(Data extracts begins)

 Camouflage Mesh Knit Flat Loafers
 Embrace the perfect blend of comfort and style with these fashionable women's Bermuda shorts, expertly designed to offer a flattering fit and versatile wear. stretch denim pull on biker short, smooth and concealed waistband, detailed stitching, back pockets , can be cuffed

(Data extracts ends)
(Data extracts begins)

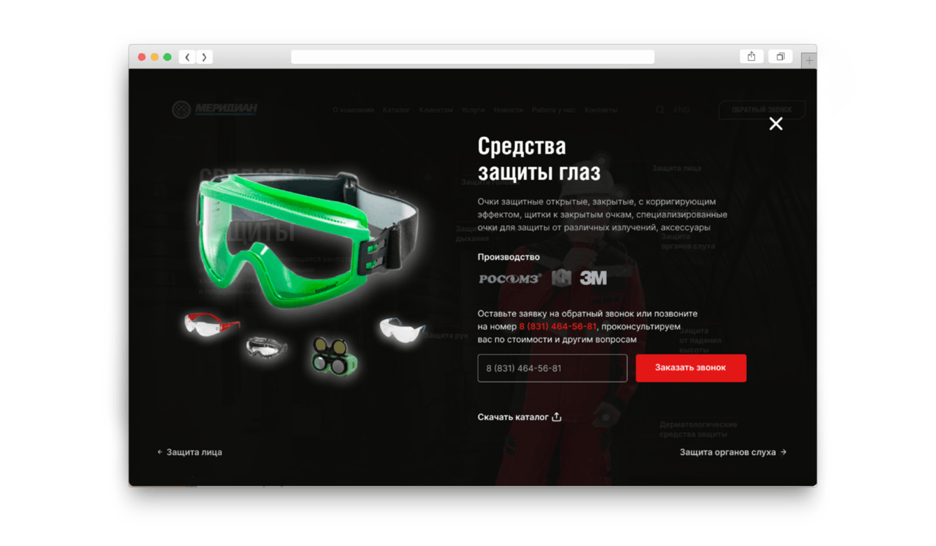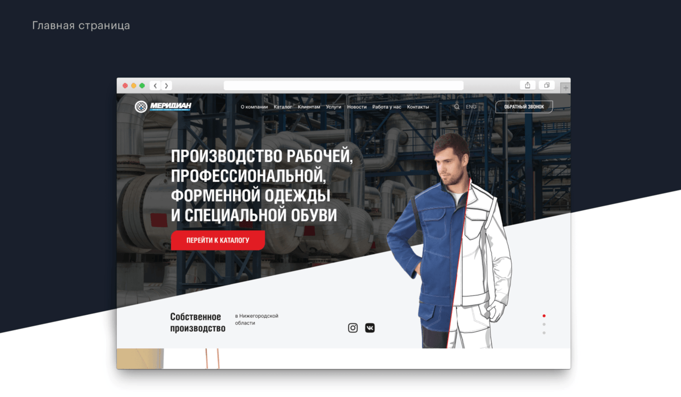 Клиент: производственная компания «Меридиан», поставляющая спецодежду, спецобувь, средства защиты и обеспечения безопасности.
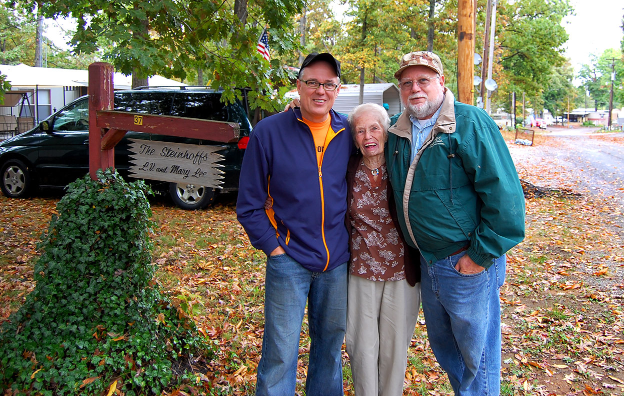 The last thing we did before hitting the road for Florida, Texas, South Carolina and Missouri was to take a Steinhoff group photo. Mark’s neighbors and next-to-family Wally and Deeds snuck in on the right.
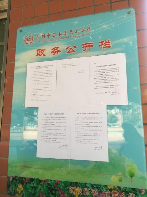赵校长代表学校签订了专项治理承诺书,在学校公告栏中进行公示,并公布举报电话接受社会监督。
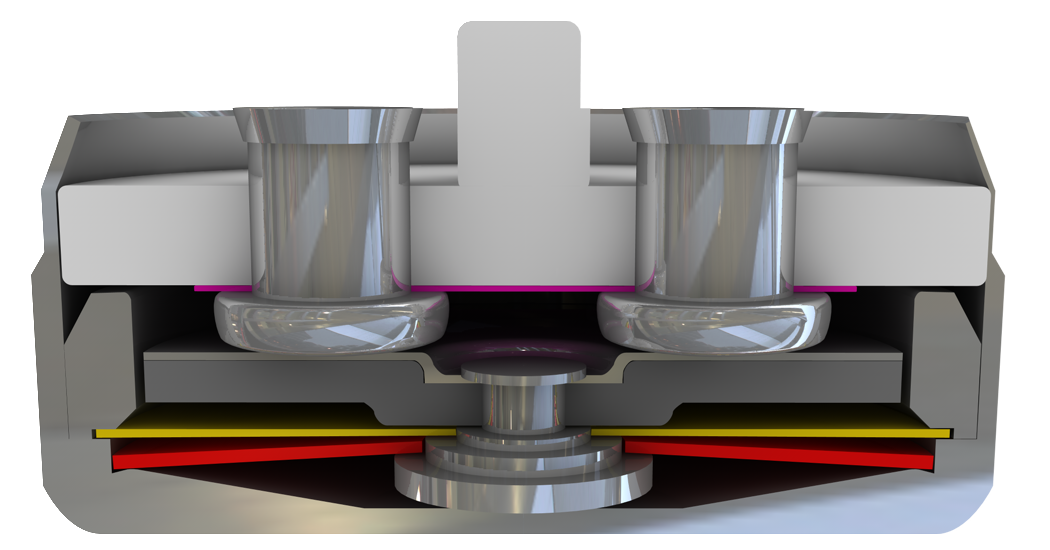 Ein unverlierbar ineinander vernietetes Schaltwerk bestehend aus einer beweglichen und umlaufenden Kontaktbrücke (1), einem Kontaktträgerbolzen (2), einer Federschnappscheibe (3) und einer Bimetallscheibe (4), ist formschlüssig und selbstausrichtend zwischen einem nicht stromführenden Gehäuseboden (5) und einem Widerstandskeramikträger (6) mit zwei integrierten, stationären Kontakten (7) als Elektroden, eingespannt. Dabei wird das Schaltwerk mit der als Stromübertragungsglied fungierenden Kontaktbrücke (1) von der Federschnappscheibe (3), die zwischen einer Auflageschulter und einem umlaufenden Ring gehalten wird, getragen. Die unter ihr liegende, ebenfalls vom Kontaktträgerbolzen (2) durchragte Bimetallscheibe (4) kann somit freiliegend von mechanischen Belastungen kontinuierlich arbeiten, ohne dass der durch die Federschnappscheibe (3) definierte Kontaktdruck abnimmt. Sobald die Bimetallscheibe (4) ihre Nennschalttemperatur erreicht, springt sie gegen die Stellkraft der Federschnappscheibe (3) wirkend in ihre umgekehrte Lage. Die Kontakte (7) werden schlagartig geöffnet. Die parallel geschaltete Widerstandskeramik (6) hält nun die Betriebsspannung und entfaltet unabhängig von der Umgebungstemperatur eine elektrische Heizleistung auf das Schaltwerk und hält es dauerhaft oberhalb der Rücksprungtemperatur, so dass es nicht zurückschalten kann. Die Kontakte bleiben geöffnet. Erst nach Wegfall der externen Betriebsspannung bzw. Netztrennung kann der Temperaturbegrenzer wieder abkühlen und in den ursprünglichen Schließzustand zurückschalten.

(Data extracts ends)
(Data extracts begins)

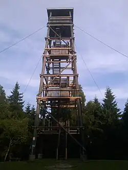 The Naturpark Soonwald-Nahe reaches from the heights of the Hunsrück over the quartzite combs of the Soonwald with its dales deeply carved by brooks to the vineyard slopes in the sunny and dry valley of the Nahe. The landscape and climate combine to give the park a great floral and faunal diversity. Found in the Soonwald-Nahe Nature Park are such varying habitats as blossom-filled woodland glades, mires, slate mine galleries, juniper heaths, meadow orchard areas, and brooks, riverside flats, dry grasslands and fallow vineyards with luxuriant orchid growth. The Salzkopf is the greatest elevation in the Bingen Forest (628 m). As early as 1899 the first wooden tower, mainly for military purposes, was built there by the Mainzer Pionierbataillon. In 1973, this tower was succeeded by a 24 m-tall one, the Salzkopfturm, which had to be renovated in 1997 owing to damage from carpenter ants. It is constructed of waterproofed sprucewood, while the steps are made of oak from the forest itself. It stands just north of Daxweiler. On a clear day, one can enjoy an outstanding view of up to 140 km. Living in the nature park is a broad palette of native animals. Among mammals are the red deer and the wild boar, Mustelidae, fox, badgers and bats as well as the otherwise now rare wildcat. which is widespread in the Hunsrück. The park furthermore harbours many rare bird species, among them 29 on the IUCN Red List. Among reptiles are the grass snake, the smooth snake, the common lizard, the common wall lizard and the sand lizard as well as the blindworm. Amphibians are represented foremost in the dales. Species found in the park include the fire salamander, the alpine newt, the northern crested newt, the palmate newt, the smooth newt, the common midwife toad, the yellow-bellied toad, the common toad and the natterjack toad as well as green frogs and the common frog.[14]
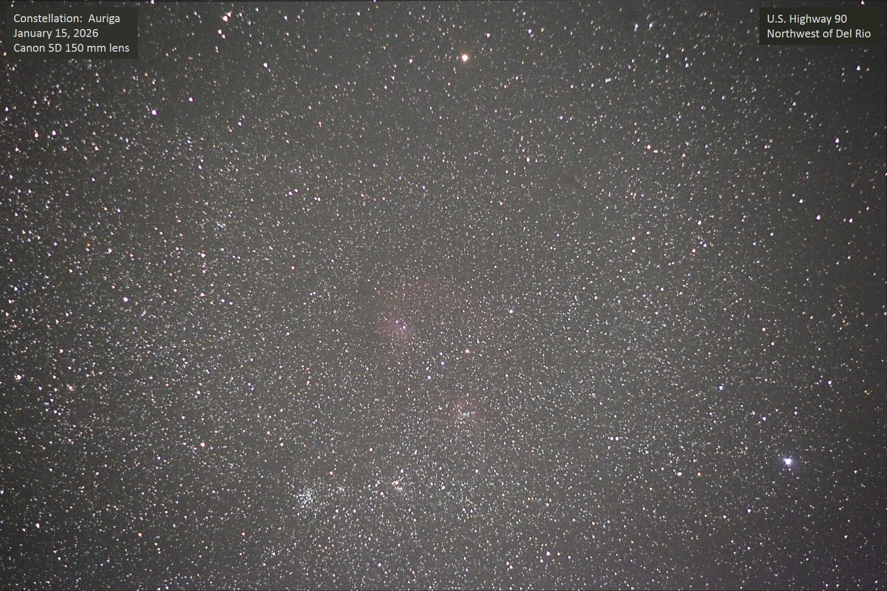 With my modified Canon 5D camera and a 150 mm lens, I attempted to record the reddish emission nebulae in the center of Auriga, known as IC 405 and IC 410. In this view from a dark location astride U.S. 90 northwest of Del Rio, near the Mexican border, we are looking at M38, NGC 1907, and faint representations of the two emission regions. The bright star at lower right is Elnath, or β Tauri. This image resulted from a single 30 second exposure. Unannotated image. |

(Data extracts ends)

» What is expected
Each line in the entries above, starting at the line with "Camouflage Mesh Knit Flat Loafers" and ending at the line with "Embrace the perfect", is to be printed exactly, and only those lines.

» Expected answer
 Camouflage Mesh Knit Flat Loafers
 Embrace the perfect blend of comfort and style with these fashionable women's Bermuda shorts, expertly designed to offer a flattering fit and versatile wear. stretch denim pull on biker short, smooth and concealed waistband, detailed stitching, back pockets , can be cuffed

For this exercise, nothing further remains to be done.